[Stored items from a collection]
-*-
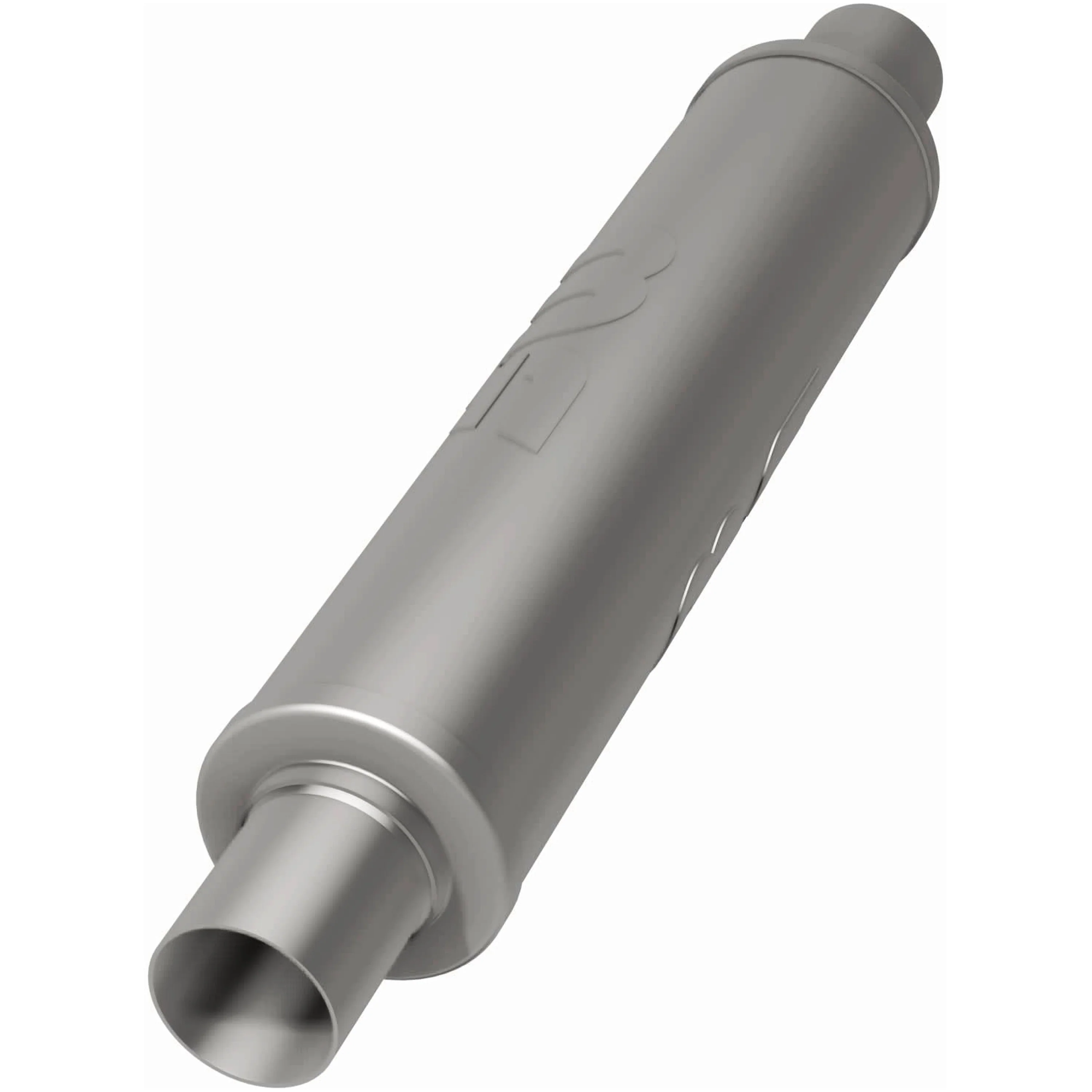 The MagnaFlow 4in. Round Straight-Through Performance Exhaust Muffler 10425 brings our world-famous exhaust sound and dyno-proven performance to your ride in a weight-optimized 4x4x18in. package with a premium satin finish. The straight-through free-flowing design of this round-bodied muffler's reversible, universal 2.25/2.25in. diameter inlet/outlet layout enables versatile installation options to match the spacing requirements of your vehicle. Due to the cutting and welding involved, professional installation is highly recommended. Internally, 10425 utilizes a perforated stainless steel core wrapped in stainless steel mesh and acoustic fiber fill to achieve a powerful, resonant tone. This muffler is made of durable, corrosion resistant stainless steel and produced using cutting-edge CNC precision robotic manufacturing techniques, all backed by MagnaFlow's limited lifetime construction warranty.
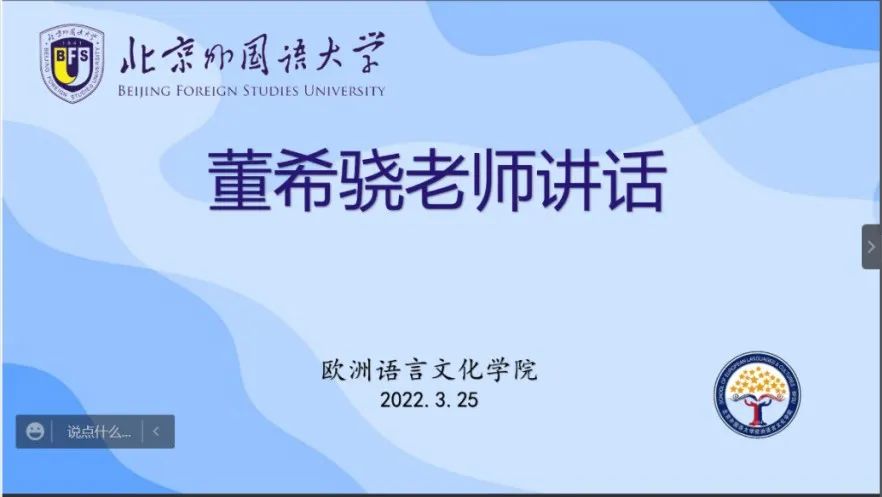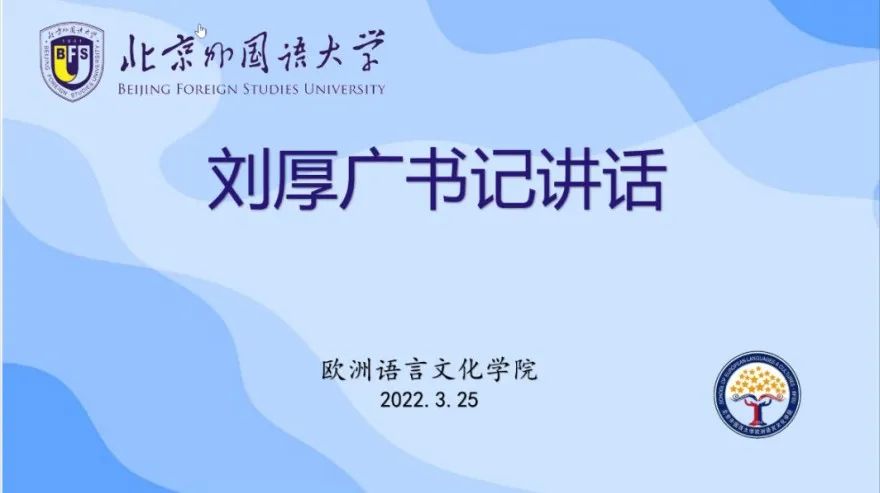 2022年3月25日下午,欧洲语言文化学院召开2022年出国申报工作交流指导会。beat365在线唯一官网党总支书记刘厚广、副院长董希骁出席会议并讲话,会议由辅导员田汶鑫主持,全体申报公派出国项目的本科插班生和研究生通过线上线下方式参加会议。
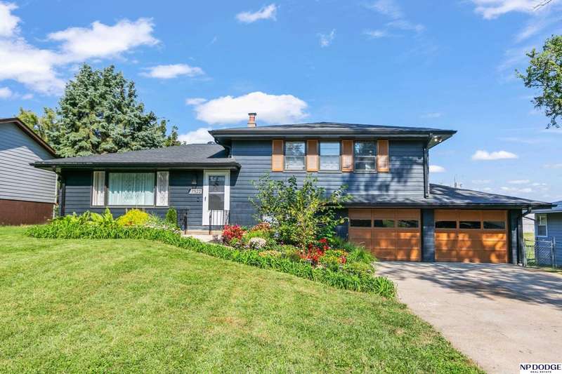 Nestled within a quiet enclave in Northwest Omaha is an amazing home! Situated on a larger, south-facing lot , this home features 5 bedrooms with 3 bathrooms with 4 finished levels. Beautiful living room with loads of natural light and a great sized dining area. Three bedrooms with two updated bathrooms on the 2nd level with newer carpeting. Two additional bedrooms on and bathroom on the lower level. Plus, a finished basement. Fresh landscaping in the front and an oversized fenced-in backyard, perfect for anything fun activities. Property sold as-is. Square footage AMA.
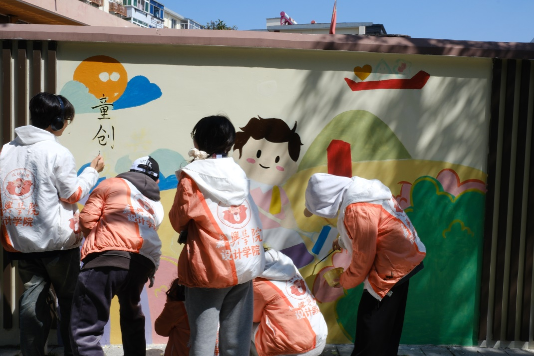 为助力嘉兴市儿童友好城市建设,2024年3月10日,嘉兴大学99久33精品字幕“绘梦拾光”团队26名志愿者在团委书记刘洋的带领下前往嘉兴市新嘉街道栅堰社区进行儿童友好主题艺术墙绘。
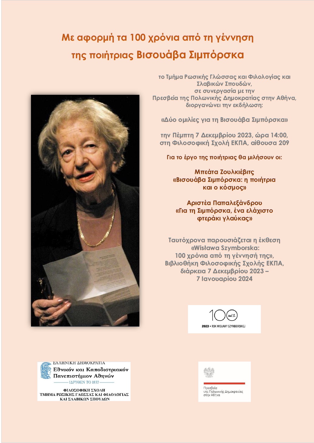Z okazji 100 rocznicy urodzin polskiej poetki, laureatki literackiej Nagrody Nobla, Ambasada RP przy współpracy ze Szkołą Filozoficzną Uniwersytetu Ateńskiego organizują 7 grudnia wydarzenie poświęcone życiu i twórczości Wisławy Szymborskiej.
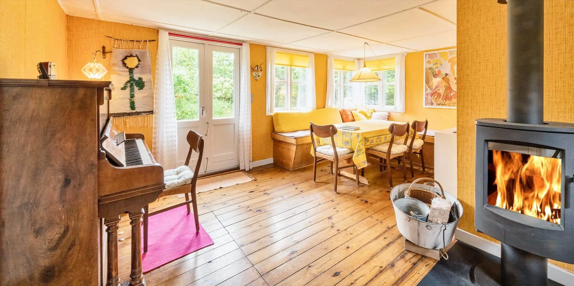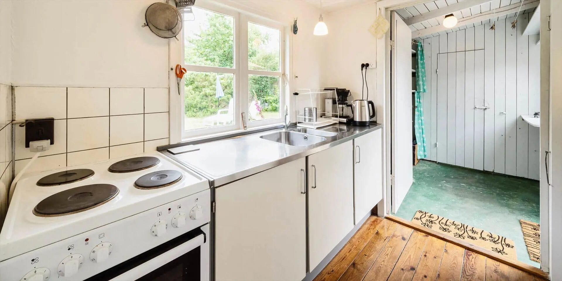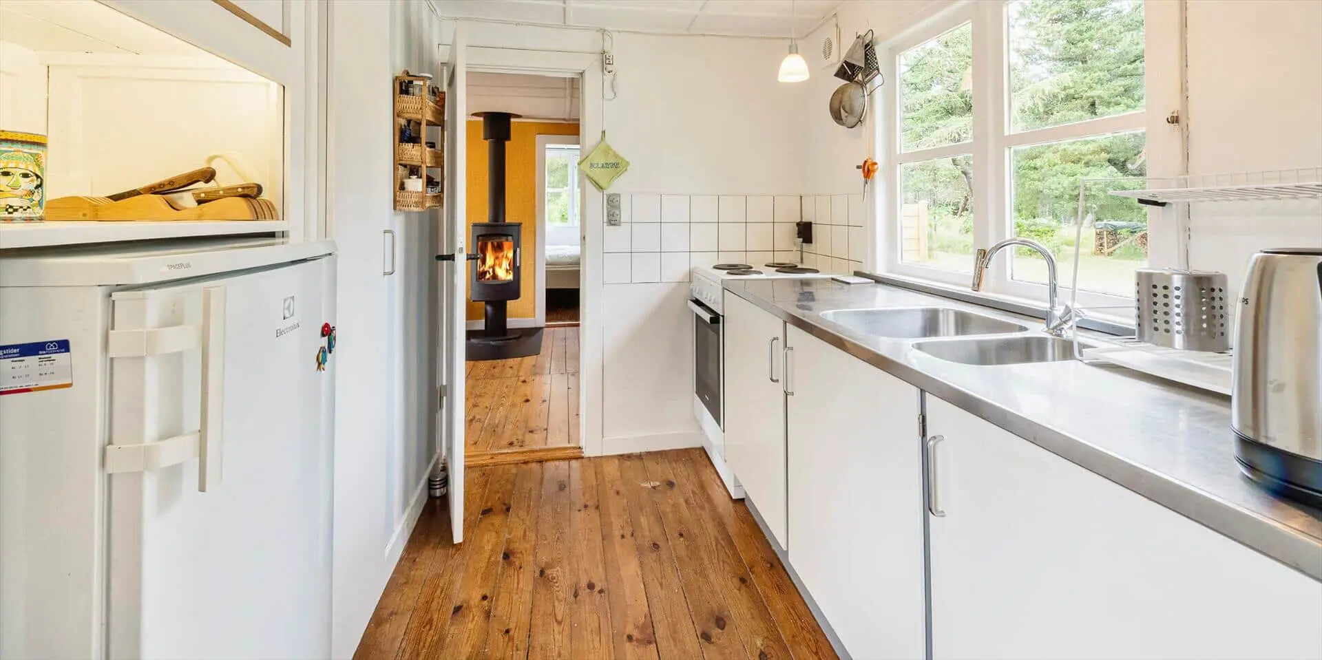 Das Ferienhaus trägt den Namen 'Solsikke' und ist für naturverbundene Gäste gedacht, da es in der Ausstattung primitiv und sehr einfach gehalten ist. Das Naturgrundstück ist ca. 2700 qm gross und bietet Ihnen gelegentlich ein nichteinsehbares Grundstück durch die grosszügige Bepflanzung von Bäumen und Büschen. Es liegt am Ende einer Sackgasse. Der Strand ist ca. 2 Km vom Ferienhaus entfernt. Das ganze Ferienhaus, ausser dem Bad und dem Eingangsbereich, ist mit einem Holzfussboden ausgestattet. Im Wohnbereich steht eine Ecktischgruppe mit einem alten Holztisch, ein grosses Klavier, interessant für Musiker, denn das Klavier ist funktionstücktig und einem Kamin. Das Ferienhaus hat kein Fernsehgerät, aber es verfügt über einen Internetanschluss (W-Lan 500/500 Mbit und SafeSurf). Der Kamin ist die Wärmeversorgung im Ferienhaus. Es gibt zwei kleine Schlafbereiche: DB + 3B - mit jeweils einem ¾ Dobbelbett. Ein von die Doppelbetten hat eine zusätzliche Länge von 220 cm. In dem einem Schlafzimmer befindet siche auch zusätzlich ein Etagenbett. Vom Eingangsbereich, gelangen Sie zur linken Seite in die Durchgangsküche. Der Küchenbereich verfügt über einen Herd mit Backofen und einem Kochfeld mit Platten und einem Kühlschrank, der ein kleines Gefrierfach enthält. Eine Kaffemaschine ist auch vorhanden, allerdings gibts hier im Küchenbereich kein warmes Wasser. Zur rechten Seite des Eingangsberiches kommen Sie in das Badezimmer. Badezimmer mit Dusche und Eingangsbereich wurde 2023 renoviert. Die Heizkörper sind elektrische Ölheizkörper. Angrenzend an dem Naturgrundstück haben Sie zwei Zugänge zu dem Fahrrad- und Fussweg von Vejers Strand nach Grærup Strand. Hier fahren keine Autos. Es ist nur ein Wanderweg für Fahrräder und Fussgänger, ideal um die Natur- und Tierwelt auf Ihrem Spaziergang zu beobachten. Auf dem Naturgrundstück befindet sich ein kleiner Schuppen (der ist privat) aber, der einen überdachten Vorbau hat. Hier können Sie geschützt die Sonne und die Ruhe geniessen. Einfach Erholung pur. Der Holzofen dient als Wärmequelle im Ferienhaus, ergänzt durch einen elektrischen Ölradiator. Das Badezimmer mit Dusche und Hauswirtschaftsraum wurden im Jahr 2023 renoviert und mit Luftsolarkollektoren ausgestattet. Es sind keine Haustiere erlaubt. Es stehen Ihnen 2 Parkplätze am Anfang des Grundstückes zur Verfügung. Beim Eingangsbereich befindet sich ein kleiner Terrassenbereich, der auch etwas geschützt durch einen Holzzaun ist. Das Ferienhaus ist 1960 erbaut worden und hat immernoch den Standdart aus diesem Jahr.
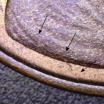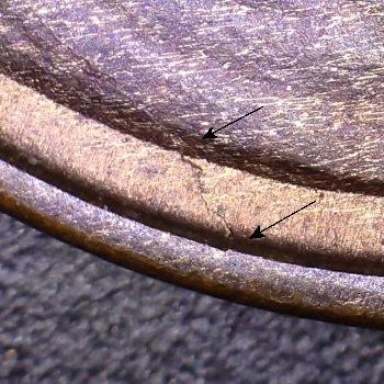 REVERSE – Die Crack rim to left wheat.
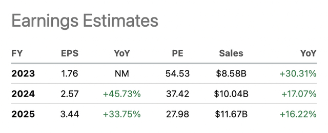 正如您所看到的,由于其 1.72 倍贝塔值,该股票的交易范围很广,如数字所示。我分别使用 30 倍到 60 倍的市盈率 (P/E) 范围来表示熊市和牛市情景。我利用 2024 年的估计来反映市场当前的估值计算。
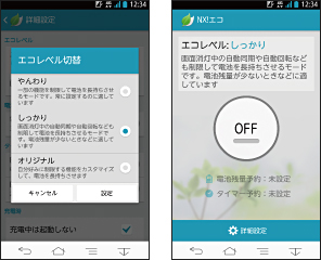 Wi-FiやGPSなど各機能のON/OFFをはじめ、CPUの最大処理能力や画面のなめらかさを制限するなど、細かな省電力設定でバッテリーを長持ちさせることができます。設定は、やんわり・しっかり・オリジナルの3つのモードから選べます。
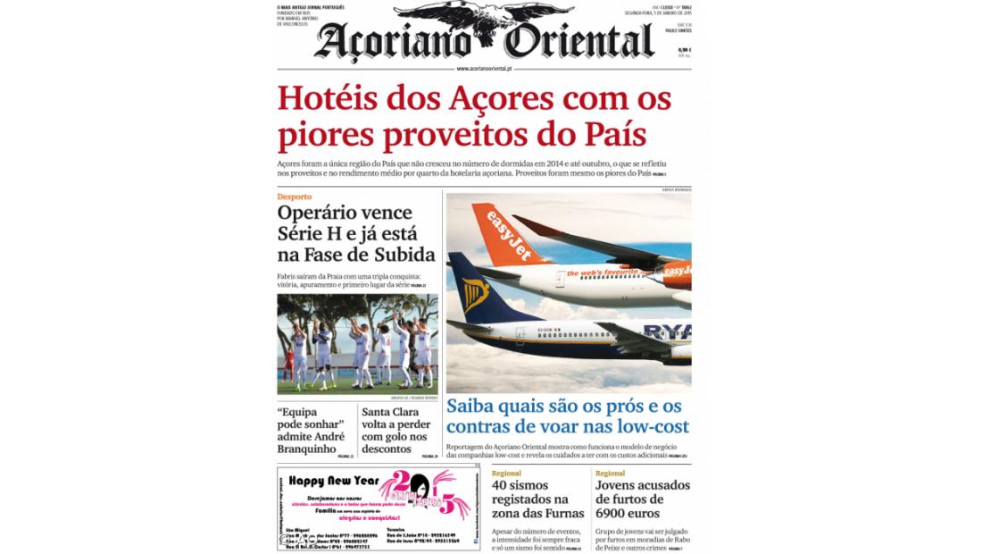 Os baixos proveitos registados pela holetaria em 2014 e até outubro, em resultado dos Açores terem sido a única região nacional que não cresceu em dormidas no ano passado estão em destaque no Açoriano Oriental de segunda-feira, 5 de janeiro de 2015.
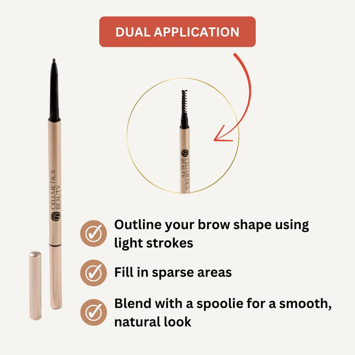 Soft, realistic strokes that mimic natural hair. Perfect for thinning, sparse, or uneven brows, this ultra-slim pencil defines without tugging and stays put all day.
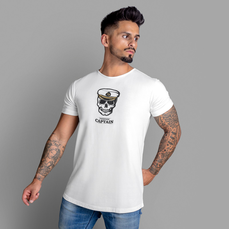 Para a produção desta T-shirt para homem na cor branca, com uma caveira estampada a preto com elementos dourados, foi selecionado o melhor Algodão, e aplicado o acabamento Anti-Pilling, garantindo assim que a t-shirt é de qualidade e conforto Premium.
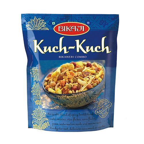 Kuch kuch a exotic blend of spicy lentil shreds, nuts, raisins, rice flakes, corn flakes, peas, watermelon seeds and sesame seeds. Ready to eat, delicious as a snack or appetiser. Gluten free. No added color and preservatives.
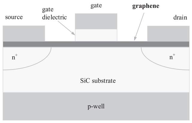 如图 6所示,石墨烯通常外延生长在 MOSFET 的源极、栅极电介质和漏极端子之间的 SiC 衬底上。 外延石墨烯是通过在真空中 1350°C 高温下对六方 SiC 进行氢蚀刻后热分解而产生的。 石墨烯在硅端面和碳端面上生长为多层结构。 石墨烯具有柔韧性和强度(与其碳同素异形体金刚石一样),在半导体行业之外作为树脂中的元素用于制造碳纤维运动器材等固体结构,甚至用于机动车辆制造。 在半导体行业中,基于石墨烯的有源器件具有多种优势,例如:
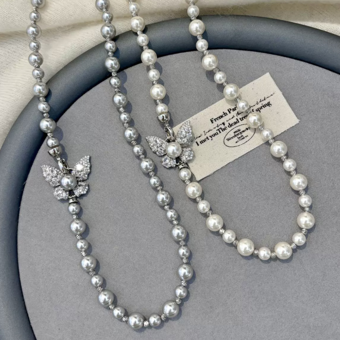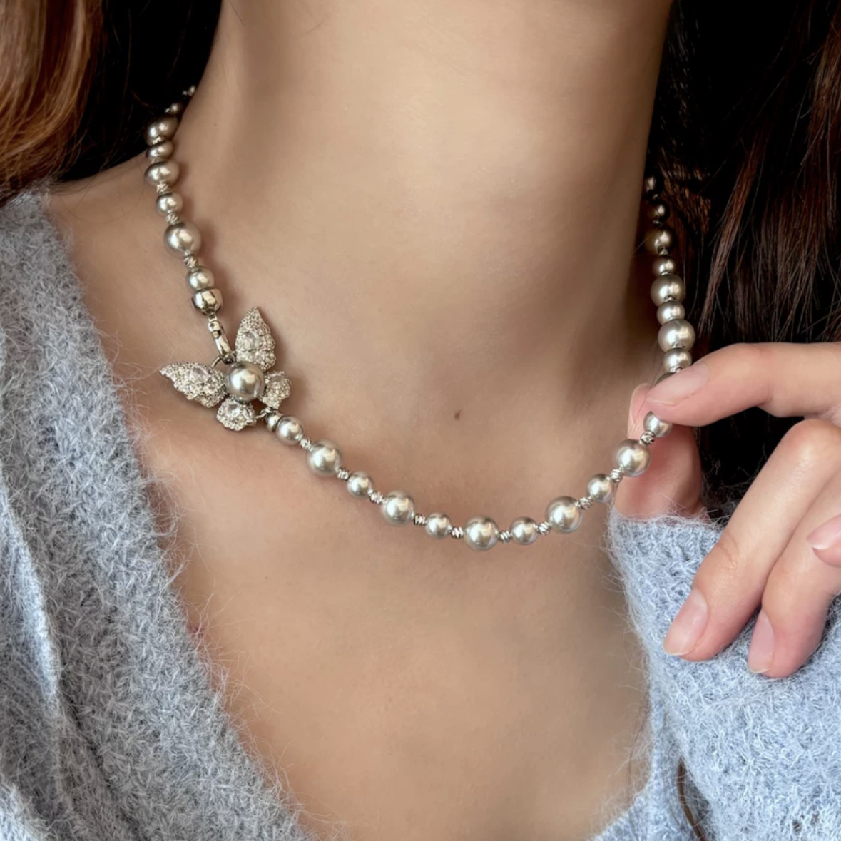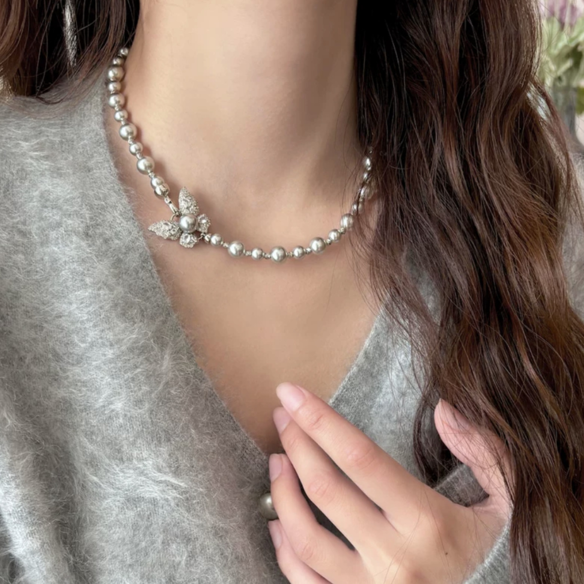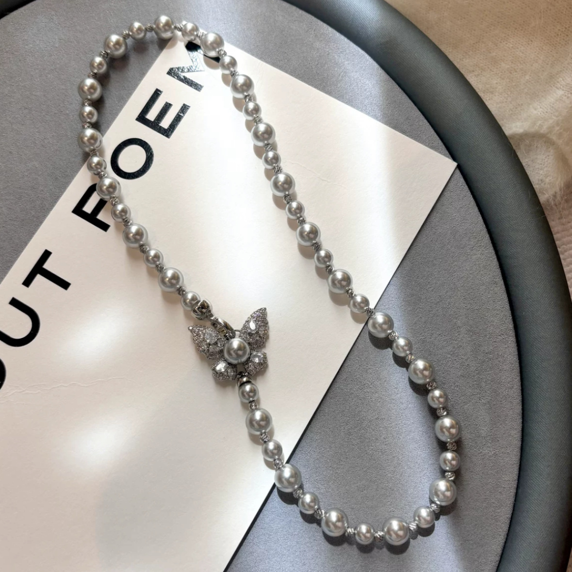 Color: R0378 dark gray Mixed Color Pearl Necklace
-*-
Activity
Exactly the lines from the one containing "Kuch kuch a" to the final line of the entries are wanted; please write them out, both ends included, but not the pictures.

Answer
 Kuch kuch a exotic blend of spicy lentil shreds, nuts, raisins, rice flakes, corn flakes, peas, watermelon seeds and sesame seeds. Ready to eat, delicious as a snack or appetiser. Gluten free. No added color and preservatives.
 如图 6所示,石墨烯通常外延生长在 MOSFET 的源极、栅极电介质和漏极端子之间的 SiC 衬底上。 外延石墨烯是通过在真空中 1350°C 高温下对六方 SiC 进行氢蚀刻后热分解而产生的。 石墨烯在硅端面和碳端面上生长为多层结构。 石墨烯具有柔韧性和强度(与其碳同素异形体金刚石一样),在半导体行业之外作为树脂中的元素用于制造碳纤维运动器材等固体结构,甚至用于机动车辆制造。 在半导体行业中,基于石墨烯的有源器件具有多种优势,例如:
 Color: R0378 dark gray Mixed Color Pearl Necklace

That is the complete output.